5. The method of claim 1, further comprising: sending a particular type of instruction to a DVR over a Local Area Network (LAN), the DVR configured to place the instruction in a queue, the DVR to place into the queue an instruction that has been sent to the DVR over the Internet;

wherein the specific instruction identifies (i) the specific content and (ii) a device connected to the LAN.

6. A computer-implemented method for making content available to a Digital Video Recorder (DVR), the method comprising:

receiving content over a network on a first device, the content (i) being stored on a first DVR and (ii) being encoded in a first encoding format, the first encoding format being (a) an encoding format that the first DVR is capable of decoding, and (b) an encoding format that a second device is not capable of decoding;

automatically transcoding the content at the first device from a first encoding format to a second encoding format that the second device is capable of decoding; and

transmitting the content encoded in a second encoding format to the second device over the network.

7. The method of claim 6, wherein the second device is a second DVR.

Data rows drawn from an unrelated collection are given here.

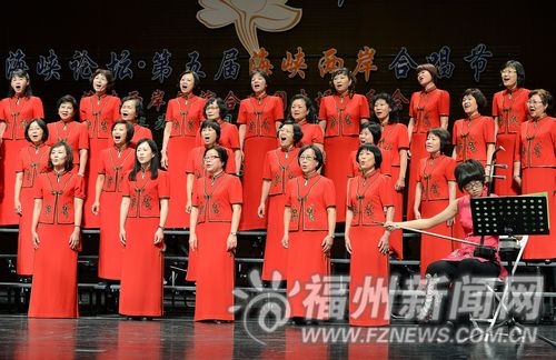 臺灣高雄鼓山婦女合唱團是支擁有22年歷史的老牌合唱團,除了指揮,60余位團員全是女性。指揮鄭光輝笑著問記者:“我這也可算是‘萬綠叢中一點紅’了吧?”展演結束后,當記者告訴該團團員,福州也有座名山叫鼓山時,團員們又驚又喜。團員謝德芬當即提議:“我們團和福州真的很有緣,我們找時間去福州的鼓山看看吧。”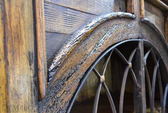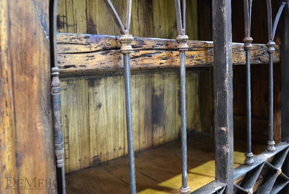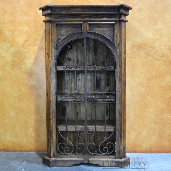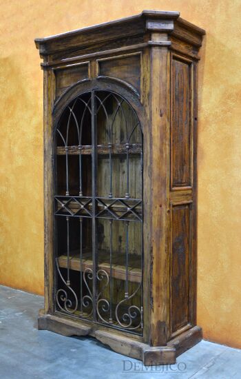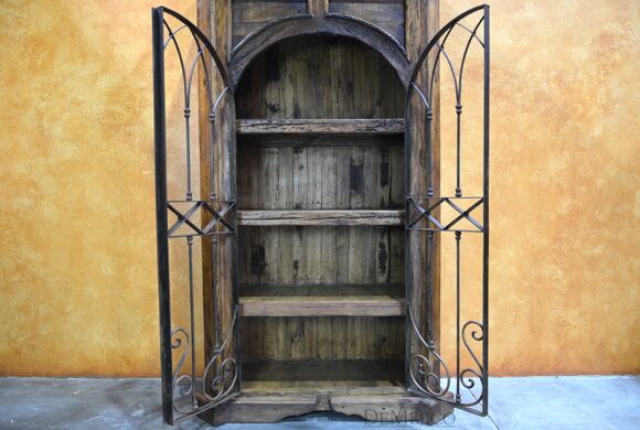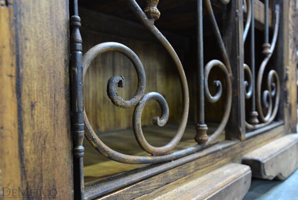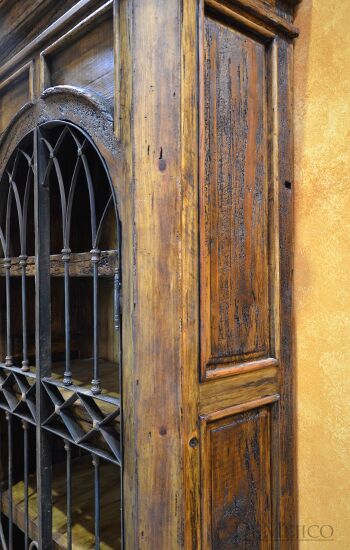 The Old World Armoire with Iron Doors is a newly designed piece, featured in our Living Room Catalog. Made from solid old wood, this rustic armoire beautifully showcases the wood’s natural stretches and knots, throughout the entire piece. Under its square top design, this tall iron door cabinet shows off arched top iron doors and raised paneling, enhancing the Old World Style. Beautifully hand forged, these iron doors are attention grabbing, as they feature both subtle and intricate detailing. With four shelves on the inside, this large Spanish armoire has an ideal amount of storage for any medium to large sized space. Use the Old World Armoire with Iron Doors as a display hutch or wine cabinet in your kitchen or entertainment space.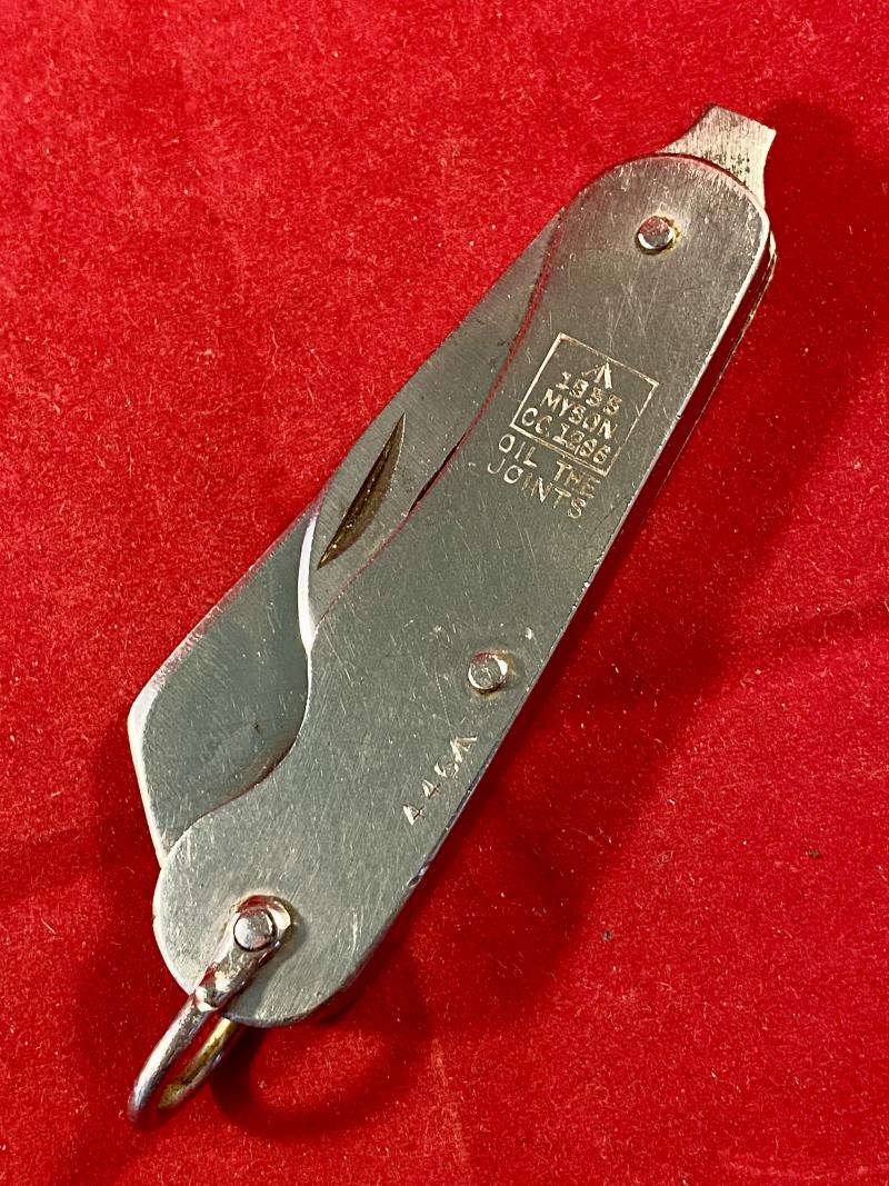British Military Folding Two-Piece Stainless Steel Clasp or Jack Knife Dated 1955 by C. Myers & Son Ltd Sheffield – Trade Mark MYSON
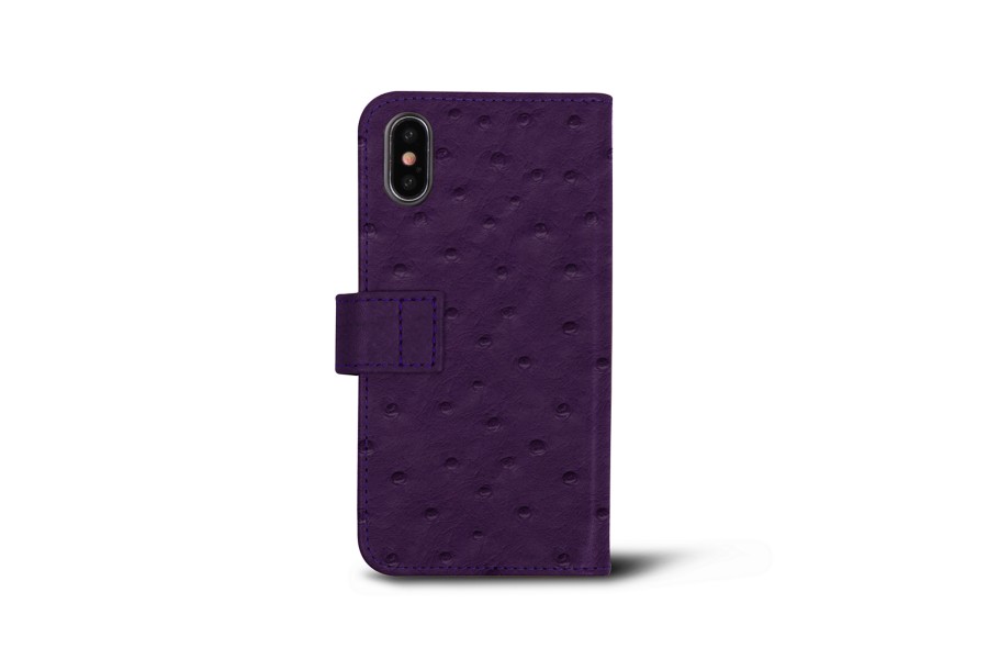 Capa Carteira para iPhone XS Max - Roxo - Couro Real de Avestruz
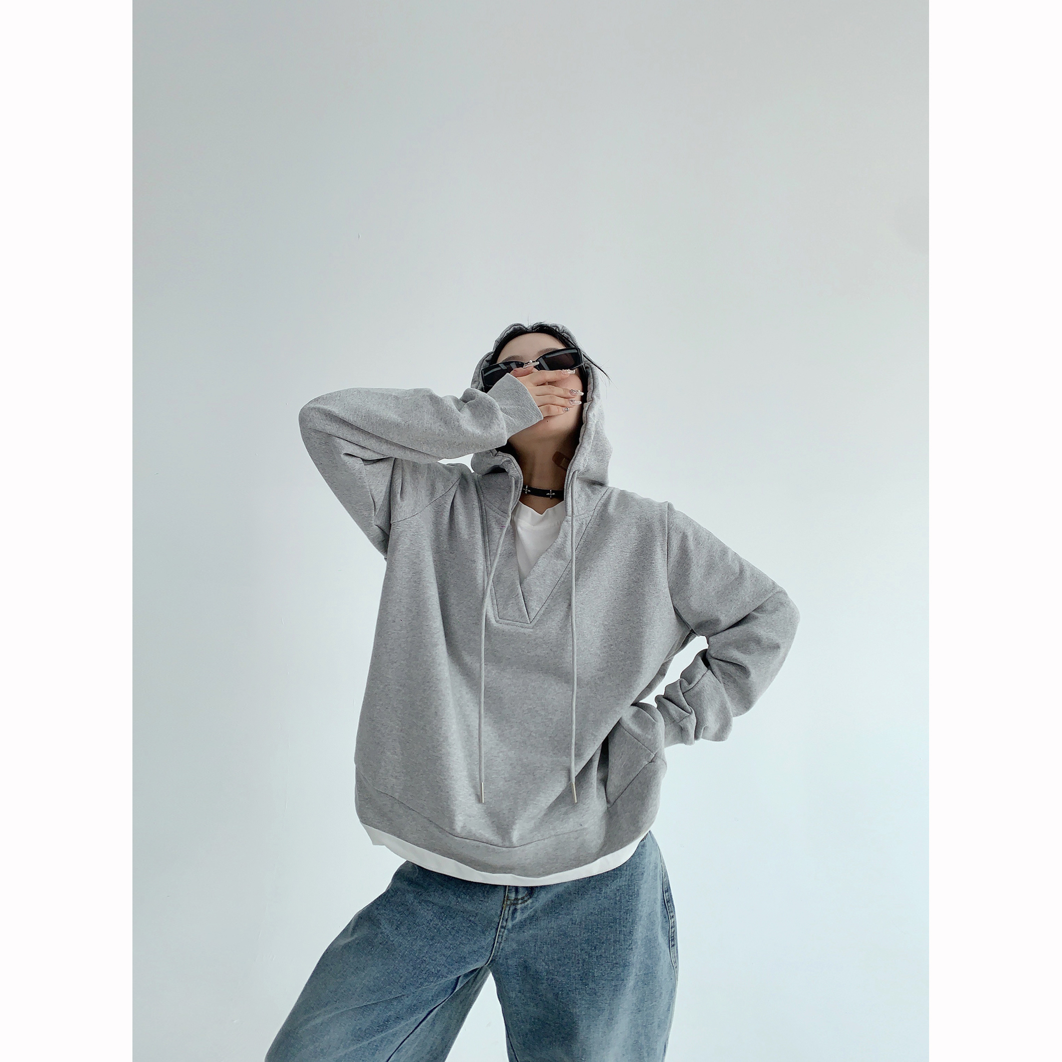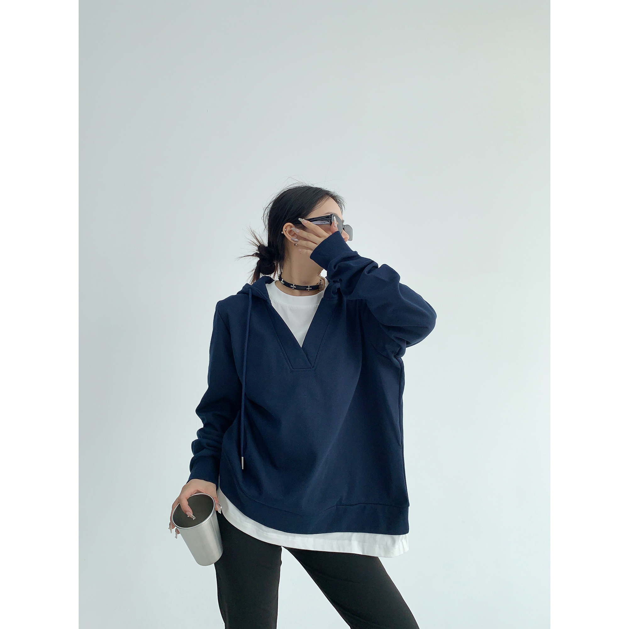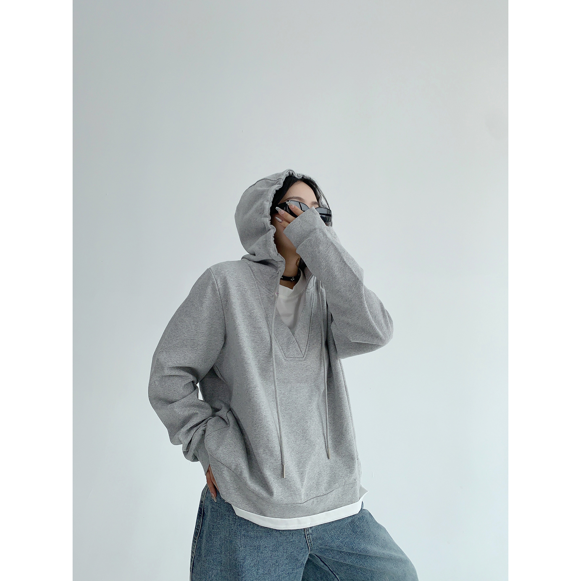 【商品名】【トップス】シンプル 高級感 フェイクレイヤード パーカー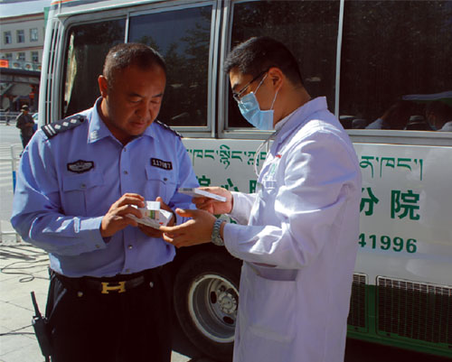 西藏阜康(国际)健康体检中心根据民警们的职业特点,量身定制了体检套餐。张德才院长介绍说:“为不耽误民警的工作时间,医院决定将体检车直接开到民警的便民执勤点,由专业医护人员为民警进行血压测量、心电图测量、B超等方面的检查。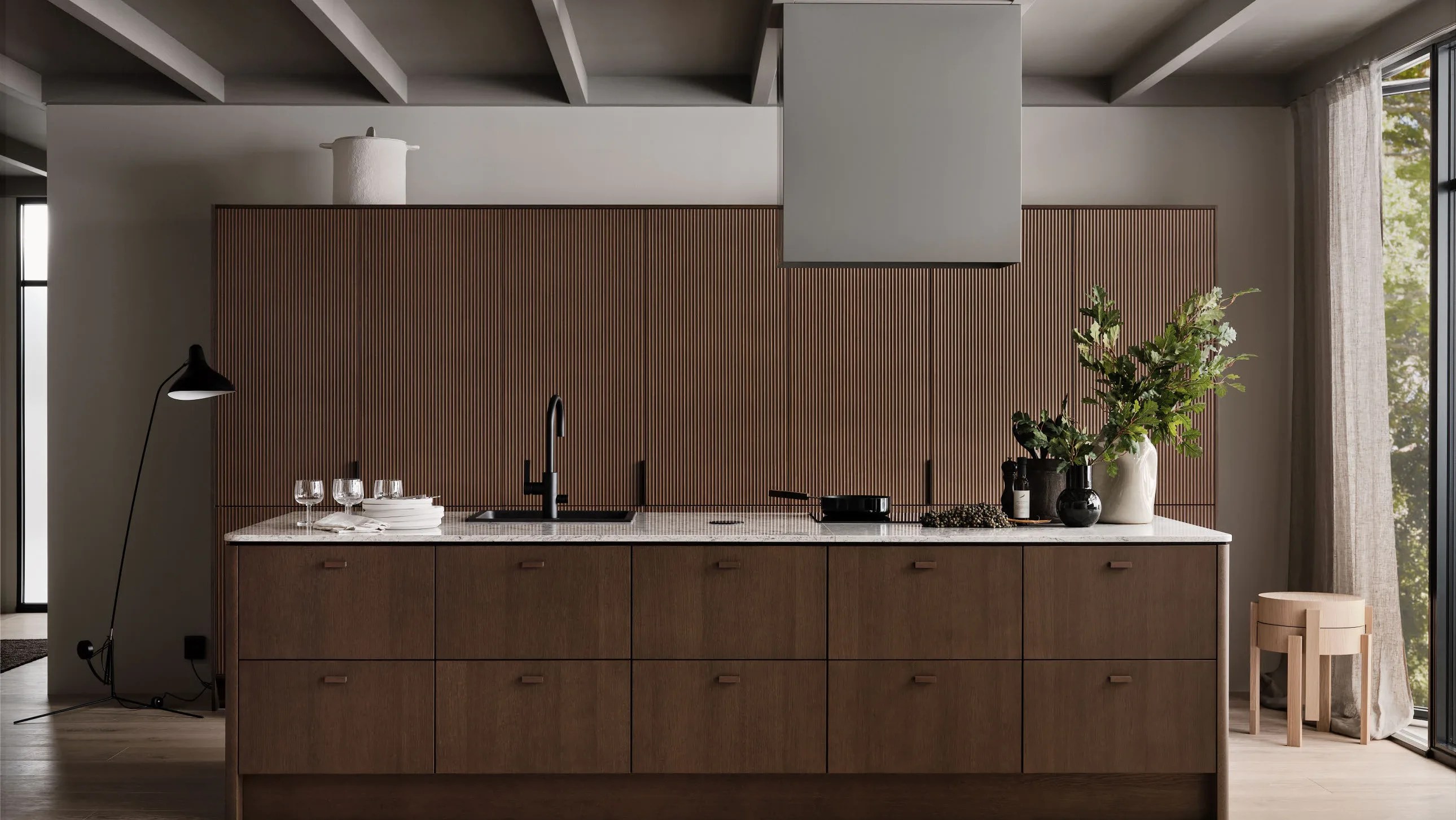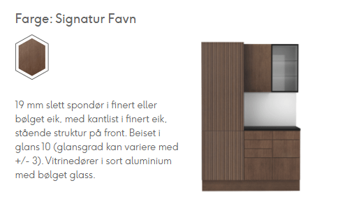 Signatur Favn er mer enn et kjøkken. Det er en idé og et formspråk inspirert av vår nordiske natur. Vår visjon er at kjøkkenet skal gi deg samme ro og harmoni som et besøk i naturen selv. Inspirasjonen har vi hentet fra våre vakre eikeskoger. Organiske former fra majestetiske eiketrær. Barkens tekstur og levende overflate. Vindens krusninger på elver og vann. Gresset som vaier og skogens rike og naturlige fargepalett.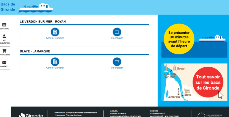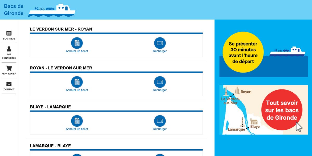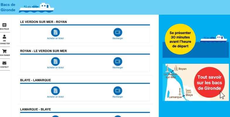 Les passagers peuvent désormais acheter leurs billets directement en ligne pour l’ensemble des traversées (piétons adultes, enfants, mais aussi véhicules de toutes sortes : vélos, motos, quads, voitures, fourgons, remorques, caravanes, camping-cars…). Il est également possible de recharger facilement une carte de 10 passages depuis son compte en ligne.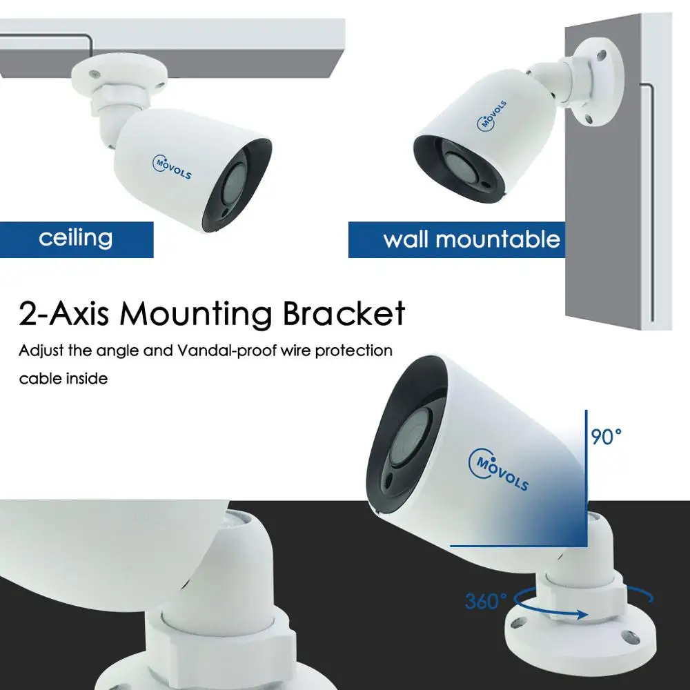 MOVOLS камера наблюдения имеет прочный алюминиевый корпус и корпус, с IP66 водонепроницаемый рейтинг. Так что вы можете свободно установить его на открытом воздухе, как в вашем гараже, на заднем дворе или где-либо еще. Он может выдерживать суровые погодные условия, включая дождь, снег, сильный мороз и тепло.

8. The method of claim 6, wherein the second device is a mobile device.

9. The method of claim 6, further comprising:

automatically determining whether the content is stored on the first DVR and not on the second device; and

in response to determining that the content is stored on the first DVR but not on the second device, instructing the first DVR to send the content to a third device over a network.

10. A computer-implemented method for making content available on demand to a Digital Video Recorder (DVR), the method comprising:

downloading content to a first device from a site remote from the first device;

transcoding the content on the first device when the content is downloaded; and is

When the content is downloaded, sending to the DVR the portion of the content on the first device that has been transcoded from a first encoding format that the DVR is not configured to decode to a second encoding format that the DVR is configured to decode.

11. The method of claim 10, wherein the content is specified by the DVR.

12. The method of claim 10, wherein the content is specified via a web page, the web page being provided by a service in communication with the first device.

13. The method of claim 10, further comprising:

storing a decoded version of the content in a cache of the first device;

determining whether the content is stored in the cache in response to requesting the content; and

in response to determining that the content is already stored in the cache, sending the content from the cache to the DVR without requiring repeated downloads of the content from the site.